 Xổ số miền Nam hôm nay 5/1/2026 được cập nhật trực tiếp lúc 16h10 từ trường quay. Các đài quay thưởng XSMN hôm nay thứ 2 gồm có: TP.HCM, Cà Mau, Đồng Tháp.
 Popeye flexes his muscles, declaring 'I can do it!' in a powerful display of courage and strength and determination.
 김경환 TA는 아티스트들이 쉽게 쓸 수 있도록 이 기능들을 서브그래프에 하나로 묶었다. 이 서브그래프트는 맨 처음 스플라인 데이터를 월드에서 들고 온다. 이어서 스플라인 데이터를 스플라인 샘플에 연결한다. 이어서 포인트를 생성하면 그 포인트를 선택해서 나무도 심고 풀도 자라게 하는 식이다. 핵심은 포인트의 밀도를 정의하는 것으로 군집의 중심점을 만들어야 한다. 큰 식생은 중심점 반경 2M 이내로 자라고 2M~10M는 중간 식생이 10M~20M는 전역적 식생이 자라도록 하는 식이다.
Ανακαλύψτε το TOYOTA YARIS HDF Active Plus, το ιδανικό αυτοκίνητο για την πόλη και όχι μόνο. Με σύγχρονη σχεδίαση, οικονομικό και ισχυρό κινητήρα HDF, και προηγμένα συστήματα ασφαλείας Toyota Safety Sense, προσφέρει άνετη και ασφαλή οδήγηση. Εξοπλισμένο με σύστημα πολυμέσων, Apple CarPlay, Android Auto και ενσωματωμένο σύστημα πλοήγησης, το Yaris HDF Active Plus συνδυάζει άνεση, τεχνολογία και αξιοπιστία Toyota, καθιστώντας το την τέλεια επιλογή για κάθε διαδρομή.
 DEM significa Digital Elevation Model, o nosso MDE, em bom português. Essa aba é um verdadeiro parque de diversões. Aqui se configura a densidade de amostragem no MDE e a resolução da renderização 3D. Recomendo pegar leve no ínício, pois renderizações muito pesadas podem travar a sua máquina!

* * *

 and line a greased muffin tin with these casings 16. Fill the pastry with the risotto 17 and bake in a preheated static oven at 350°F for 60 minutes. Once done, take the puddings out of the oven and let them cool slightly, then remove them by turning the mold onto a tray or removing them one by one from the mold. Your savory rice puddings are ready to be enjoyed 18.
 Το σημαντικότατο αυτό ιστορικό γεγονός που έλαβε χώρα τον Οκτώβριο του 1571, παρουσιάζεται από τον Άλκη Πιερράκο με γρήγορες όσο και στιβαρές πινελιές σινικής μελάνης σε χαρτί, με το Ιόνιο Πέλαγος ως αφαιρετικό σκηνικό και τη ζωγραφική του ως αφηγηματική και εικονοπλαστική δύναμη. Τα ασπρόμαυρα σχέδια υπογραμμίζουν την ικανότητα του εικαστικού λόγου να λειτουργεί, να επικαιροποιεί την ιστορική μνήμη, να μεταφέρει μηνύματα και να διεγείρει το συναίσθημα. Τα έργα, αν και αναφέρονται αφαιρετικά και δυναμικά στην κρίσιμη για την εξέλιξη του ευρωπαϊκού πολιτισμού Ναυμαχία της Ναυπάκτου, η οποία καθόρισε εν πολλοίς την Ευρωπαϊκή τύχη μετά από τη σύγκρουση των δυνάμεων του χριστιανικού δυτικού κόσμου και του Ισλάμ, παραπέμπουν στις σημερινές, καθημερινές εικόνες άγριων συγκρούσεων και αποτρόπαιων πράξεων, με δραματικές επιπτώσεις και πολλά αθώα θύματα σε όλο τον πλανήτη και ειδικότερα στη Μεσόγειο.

TASK TO CARRY OUT :: In the data above, which lines lie between the line with "Xổ số miền Nam" and the line with "DEM significa Digital", inclusive? Print those lines exactly and nothing else.

SOLUTION BELOW ::
 Xổ số miền Nam hôm nay 5/1/2026 được cập nhật trực tiếp lúc 16h10 từ trường quay. Các đài quay thưởng XSMN hôm nay thứ 2 gồm có: TP.HCM, Cà Mau, Đồng Tháp.
 Popeye flexes his muscles, declaring 'I can do it!' in a powerful display of courage and strength and determination.
 김경환 TA는 아티스트들이 쉽게 쓸 수 있도록 이 기능들을 서브그래프에 하나로 묶었다. 이 서브그래프트는 맨 처음 스플라인 데이터를 월드에서 들고 온다. 이어서 스플라인 데이터를 스플라인 샘플에 연결한다. 이어서 포인트를 생성하면 그 포인트를 선택해서 나무도 심고 풀도 자라게 하는 식이다. 핵심은 포인트의 밀도를 정의하는 것으로 군집의 중심점을 만들어야 한다. 큰 식생은 중심점 반경 2M 이내로 자라고 2M~10M는 중간 식생이 10M~20M는 전역적 식생이 자라도록 하는 식이다.
Ανακαλύψτε το TOYOTA YARIS HDF Active Plus, το ιδανικό αυτοκίνητο για την πόλη και όχι μόνο. Με σύγχρονη σχεδίαση, οικονομικό και ισχυρό κινητήρα HDF, και προηγμένα συστήματα ασφαλείας Toyota Safety Sense, προσφέρει άνετη και ασφαλή οδήγηση. Εξοπλισμένο με σύστημα πολυμέσων, Apple CarPlay, Android Auto και ενσωματωμένο σύστημα πλοήγησης, το Yaris HDF Active Plus συνδυάζει άνεση, τεχνολογία και αξιοπιστία Toyota, καθιστώντας το την τέλεια επιλογή για κάθε διαδρομή.
 DEM significa Digital Elevation Model, o nosso MDE, em bom português. Essa aba é um verdadeiro parque de diversões. Aqui se configura a densidade de amostragem no MDE e a resolução da renderização 3D. Recomendo pegar leve no ínício, pois renderizações muito pesadas podem travar a sua máquina!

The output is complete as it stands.